## [Try it]
All that is wanted is the exact text of the lines below from the one with "npm ERR! Object" through the one with "周末登录游戏一次,即可领取绝", inclusive, minus any pictures.

## [The data]
================================
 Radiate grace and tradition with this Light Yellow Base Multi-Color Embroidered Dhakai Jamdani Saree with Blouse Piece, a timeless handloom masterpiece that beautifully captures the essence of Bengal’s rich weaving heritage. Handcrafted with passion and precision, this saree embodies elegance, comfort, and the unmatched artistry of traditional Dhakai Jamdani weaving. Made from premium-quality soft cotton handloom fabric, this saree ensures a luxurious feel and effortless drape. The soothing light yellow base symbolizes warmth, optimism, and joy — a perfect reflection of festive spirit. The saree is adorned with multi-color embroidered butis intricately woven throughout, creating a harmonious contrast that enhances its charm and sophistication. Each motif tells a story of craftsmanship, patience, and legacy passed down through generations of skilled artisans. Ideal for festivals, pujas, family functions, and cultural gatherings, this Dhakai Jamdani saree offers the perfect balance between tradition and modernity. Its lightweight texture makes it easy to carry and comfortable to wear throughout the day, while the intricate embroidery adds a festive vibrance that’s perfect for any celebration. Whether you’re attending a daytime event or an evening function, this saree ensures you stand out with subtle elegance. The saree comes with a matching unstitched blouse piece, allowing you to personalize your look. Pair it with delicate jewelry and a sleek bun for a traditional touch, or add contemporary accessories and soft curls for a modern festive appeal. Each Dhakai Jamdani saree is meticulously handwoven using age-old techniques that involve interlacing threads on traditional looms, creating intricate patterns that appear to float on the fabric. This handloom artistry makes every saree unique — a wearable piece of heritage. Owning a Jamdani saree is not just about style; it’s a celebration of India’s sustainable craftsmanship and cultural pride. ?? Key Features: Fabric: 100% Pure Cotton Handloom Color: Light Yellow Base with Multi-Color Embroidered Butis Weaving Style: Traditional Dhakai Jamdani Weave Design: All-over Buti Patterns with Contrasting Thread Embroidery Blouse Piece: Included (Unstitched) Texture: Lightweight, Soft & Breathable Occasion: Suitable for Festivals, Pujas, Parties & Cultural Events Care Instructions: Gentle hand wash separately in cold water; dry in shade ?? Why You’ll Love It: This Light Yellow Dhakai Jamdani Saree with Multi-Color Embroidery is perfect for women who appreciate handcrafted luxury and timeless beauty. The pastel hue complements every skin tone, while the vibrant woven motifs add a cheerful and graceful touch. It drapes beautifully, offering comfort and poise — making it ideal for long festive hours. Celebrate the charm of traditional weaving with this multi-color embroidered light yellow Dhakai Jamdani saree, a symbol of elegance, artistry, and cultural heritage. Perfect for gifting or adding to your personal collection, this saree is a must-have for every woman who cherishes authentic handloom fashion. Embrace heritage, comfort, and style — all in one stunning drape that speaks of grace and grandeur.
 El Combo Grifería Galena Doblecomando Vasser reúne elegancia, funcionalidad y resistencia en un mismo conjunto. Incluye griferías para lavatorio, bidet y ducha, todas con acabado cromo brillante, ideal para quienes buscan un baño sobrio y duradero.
================================
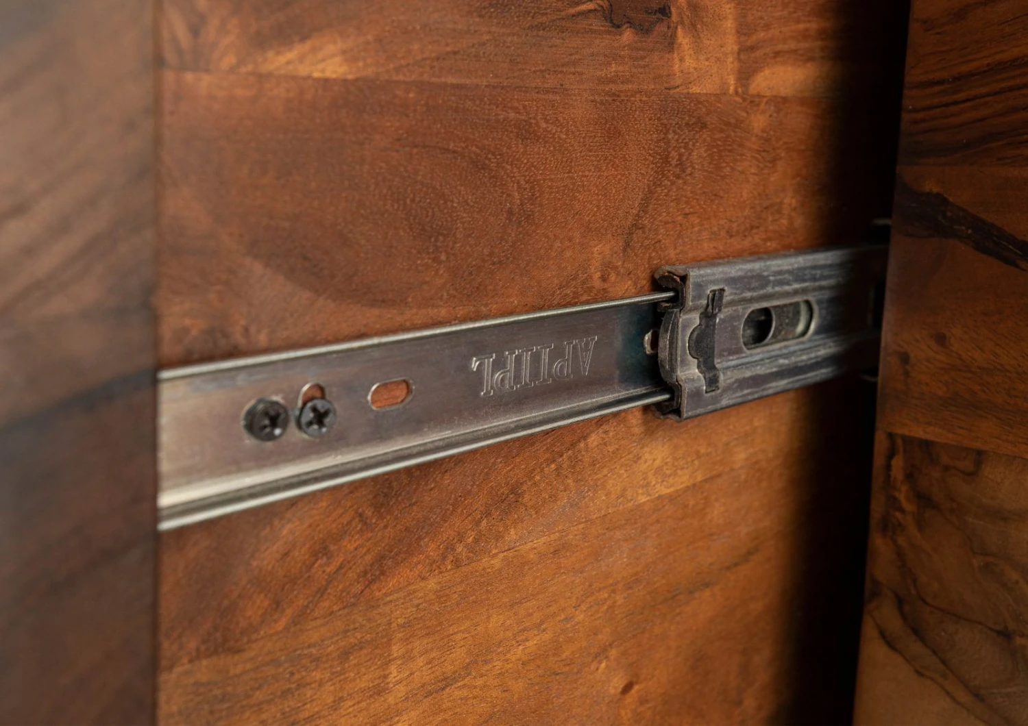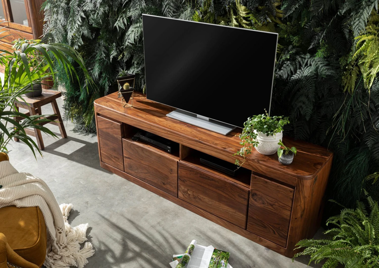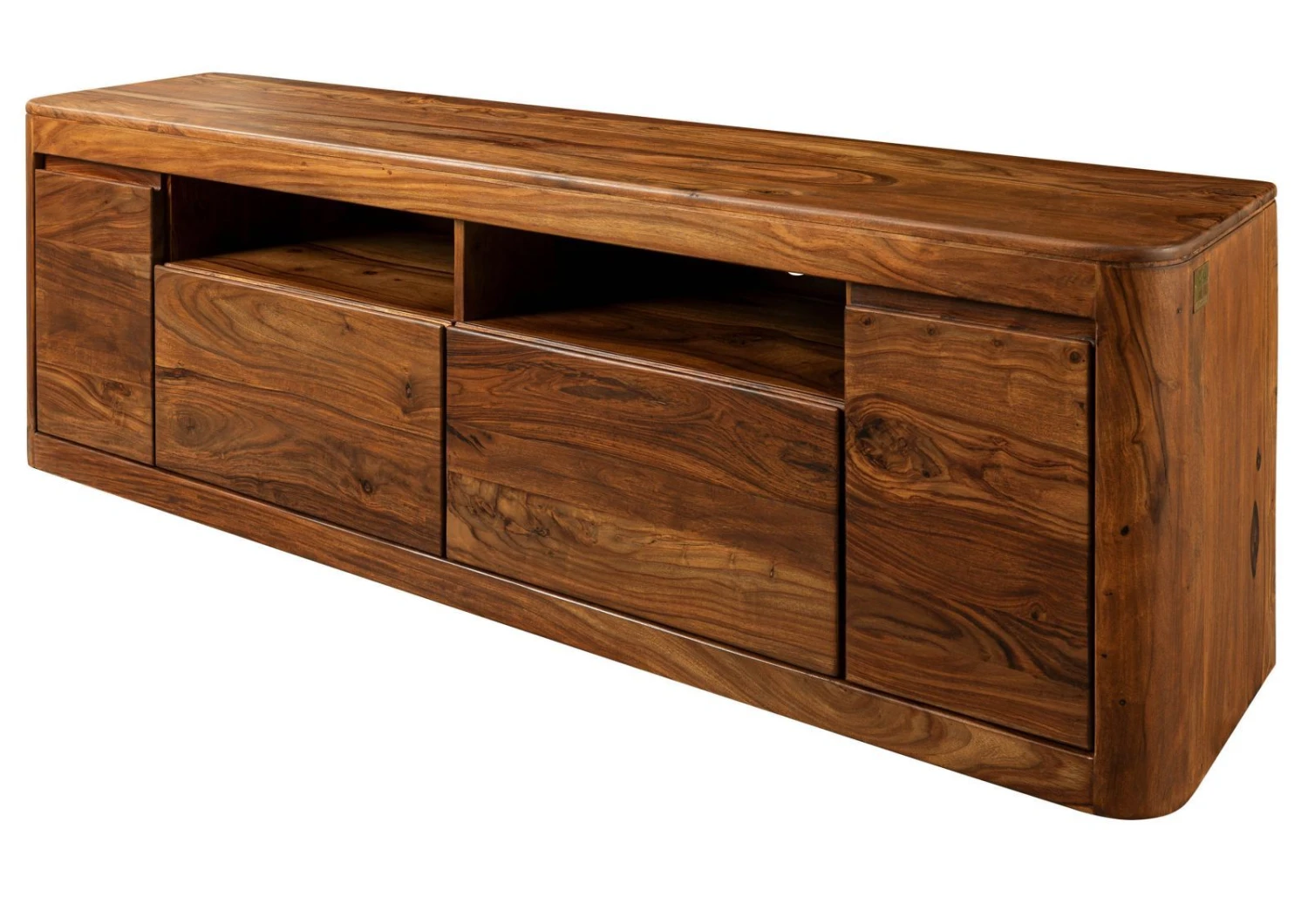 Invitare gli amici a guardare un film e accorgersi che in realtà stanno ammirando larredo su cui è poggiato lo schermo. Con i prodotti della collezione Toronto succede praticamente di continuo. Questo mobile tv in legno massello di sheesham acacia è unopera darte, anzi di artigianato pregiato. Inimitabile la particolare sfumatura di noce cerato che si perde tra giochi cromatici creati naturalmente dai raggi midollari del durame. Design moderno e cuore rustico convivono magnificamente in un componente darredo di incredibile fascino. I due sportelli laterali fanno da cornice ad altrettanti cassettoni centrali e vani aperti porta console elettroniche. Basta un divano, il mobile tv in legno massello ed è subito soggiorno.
================================
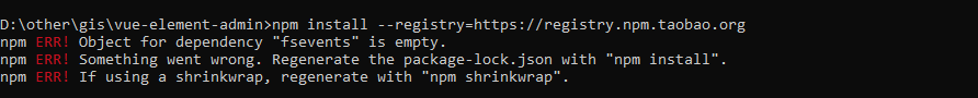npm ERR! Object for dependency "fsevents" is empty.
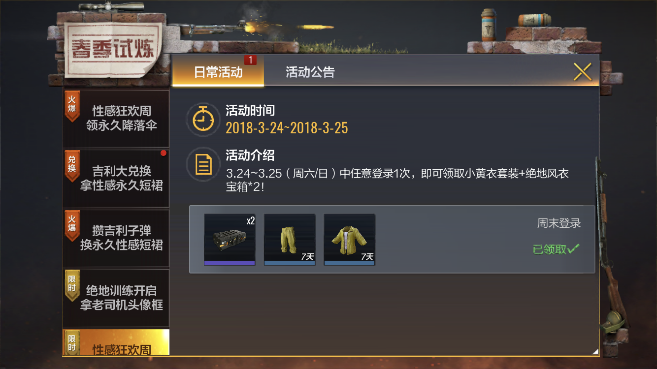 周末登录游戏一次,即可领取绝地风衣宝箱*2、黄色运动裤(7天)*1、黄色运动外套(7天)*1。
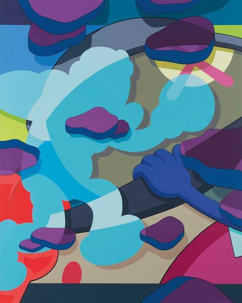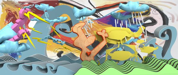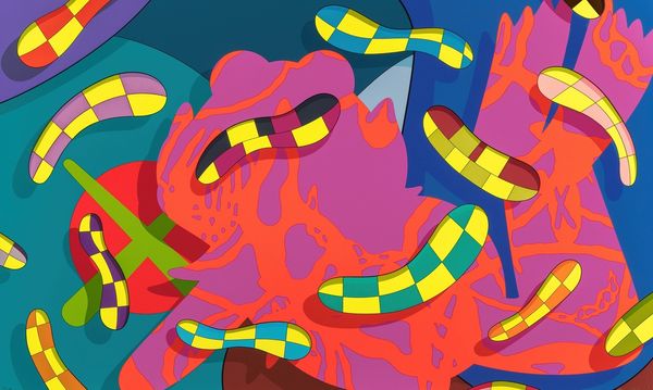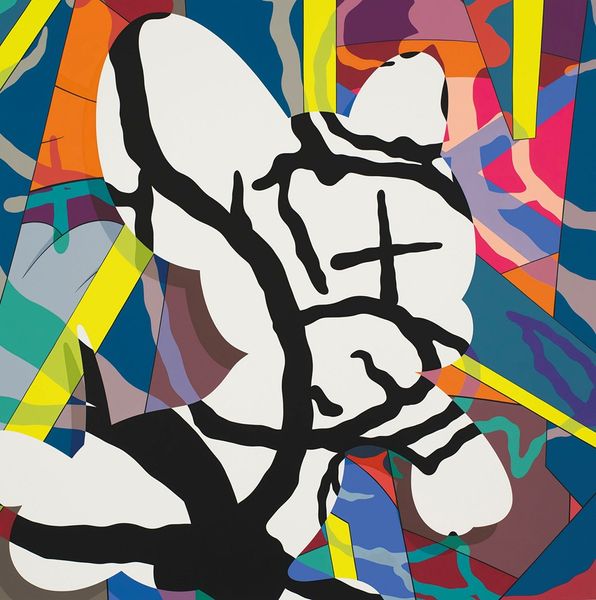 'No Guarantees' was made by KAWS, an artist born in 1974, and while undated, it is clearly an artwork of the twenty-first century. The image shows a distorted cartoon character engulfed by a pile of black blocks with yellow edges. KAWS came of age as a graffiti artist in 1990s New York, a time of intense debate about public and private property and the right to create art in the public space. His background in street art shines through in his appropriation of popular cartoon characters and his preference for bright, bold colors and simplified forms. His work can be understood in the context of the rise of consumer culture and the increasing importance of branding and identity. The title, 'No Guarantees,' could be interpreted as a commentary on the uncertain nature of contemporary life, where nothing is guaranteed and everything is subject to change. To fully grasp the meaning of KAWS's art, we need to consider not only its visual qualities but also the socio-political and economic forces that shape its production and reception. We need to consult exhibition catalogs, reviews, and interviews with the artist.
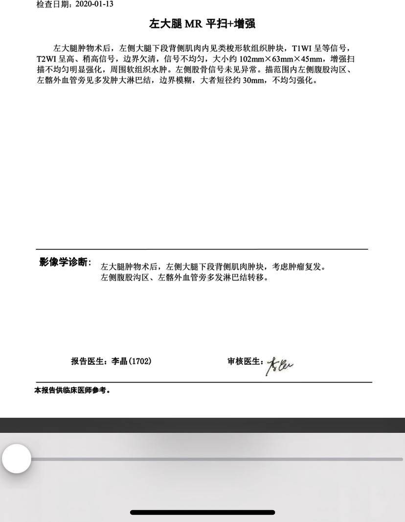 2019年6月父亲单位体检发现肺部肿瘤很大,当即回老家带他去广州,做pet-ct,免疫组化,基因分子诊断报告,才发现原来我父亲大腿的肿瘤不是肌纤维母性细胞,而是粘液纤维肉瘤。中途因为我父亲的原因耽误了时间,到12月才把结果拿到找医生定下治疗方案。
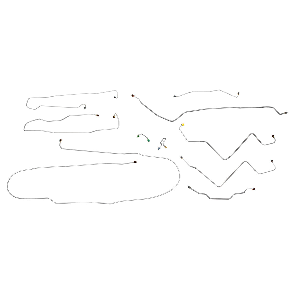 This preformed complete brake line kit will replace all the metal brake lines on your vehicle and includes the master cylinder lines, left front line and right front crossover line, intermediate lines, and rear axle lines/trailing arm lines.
================================
## [Solution to this exercise]
npm ERR! Object for dependency "fsevents" is empty.
 周末登录游戏一次,即可领取绝地风衣宝箱*2、黄色运动裤(7天)*1、黄色运动外套(7天)*1。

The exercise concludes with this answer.